Brief: Your task is to copy the listing exactly, with the pictures left out.

Data section Block Start

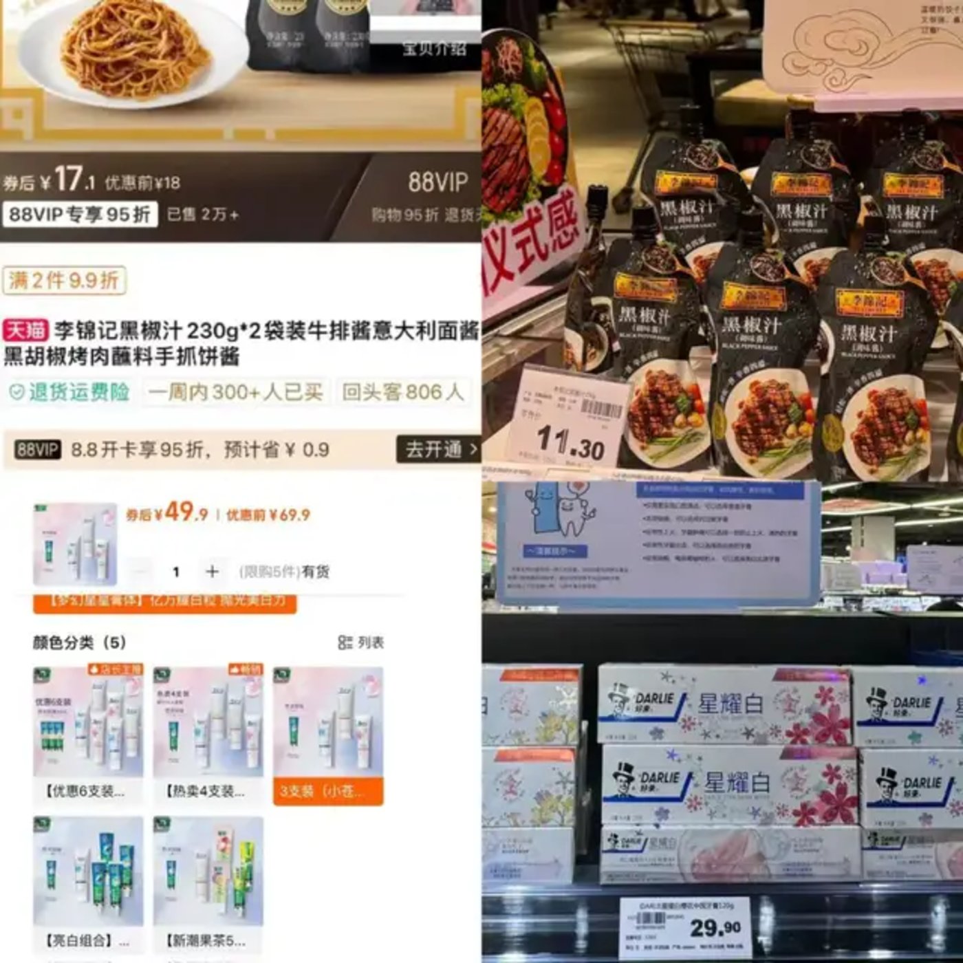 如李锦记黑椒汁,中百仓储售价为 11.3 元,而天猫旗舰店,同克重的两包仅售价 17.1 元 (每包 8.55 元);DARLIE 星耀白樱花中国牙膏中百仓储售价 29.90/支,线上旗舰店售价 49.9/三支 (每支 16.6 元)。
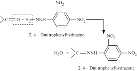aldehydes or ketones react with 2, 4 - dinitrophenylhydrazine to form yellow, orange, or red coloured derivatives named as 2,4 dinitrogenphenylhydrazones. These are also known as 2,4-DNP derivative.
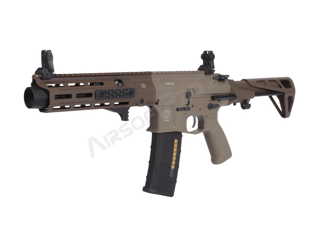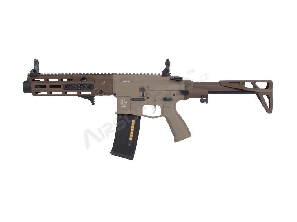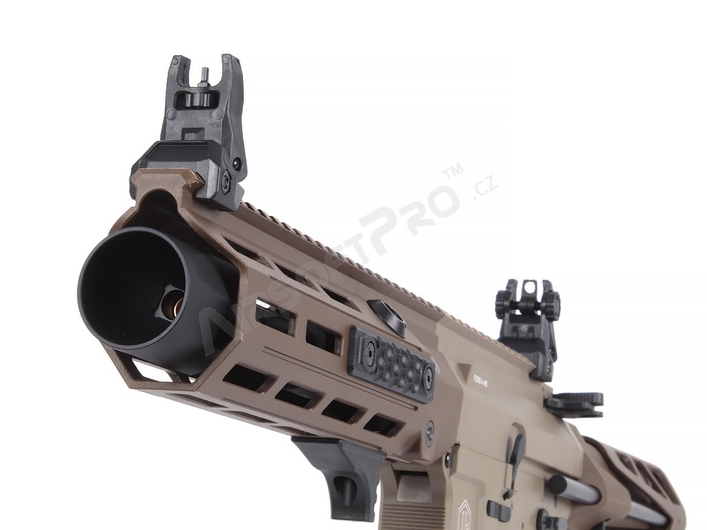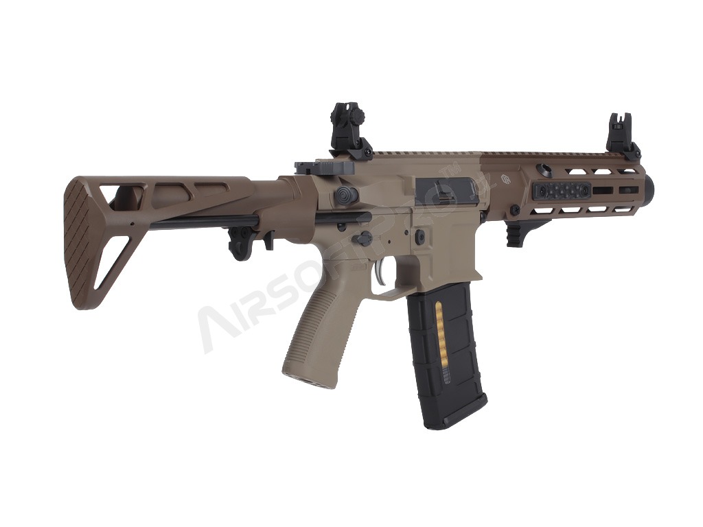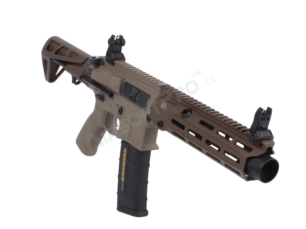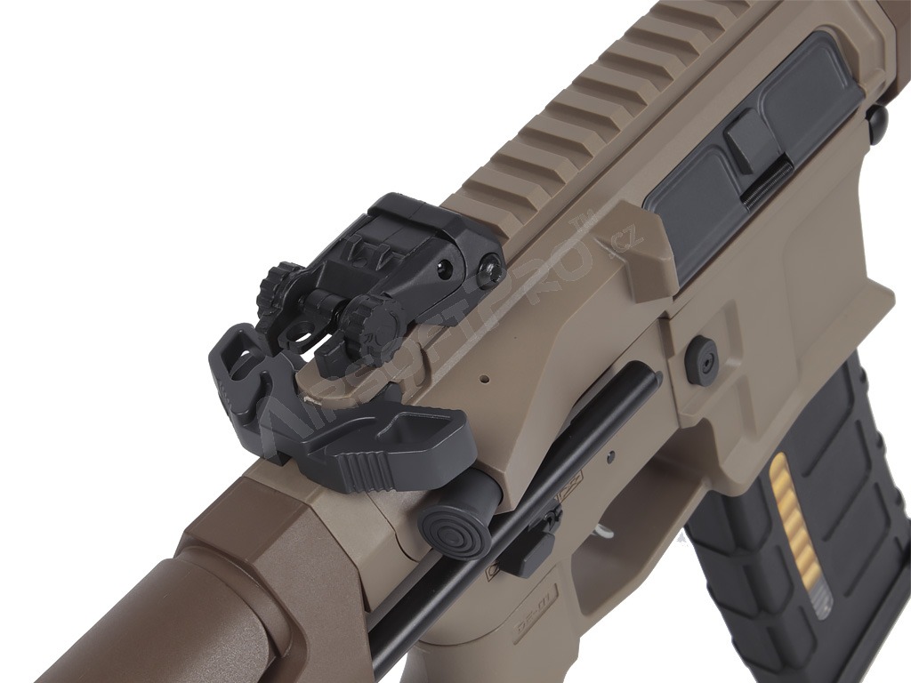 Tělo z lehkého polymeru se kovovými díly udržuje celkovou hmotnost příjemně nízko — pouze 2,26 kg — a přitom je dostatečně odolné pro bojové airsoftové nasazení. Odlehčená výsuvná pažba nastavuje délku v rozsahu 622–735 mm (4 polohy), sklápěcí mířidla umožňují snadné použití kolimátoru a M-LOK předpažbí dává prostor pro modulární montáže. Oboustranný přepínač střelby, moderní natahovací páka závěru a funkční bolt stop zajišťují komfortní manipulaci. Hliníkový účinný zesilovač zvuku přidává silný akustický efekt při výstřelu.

Data section Block End

Expected answer:
 如李锦记黑椒汁,中百仓储售价为 11.3 元,而天猫旗舰店,同克重的两包仅售价 17.1 元 (每包 8.55 元);DARLIE 星耀白樱花中国牙膏中百仓储售价 29.90/支,线上旗舰店售价 49.9/三支 (每支 16.6 元)。
aldehydes or ketones react with 2, 4 - dinitrophenylhydrazine to form yellow, orange, or red coloured derivatives named as 2,4 dinitrogenphenylhydrazones. These are also known as 2,4-DNP derivative.
 Tělo z lehkého polymeru se kovovými díly udržuje celkovou hmotnost příjemně nízko — pouze 2,26 kg — a přitom je dostatečně odolné pro bojové airsoftové nasazení. Odlehčená výsuvná pažba nastavuje délku v rozsahu 622–735 mm (4 polohy), sklápěcí mířidla umožňují snadné použití kolimátoru a M-LOK předpažbí dává prostor pro modulární montáže. Oboustranný přepínač střelby, moderní natahovací páka závěru a funkční bolt stop zajišťují komfortní manipulaci. Hliníkový účinný zesilovač zvuku přidává silný akustický efekt při výstřelu.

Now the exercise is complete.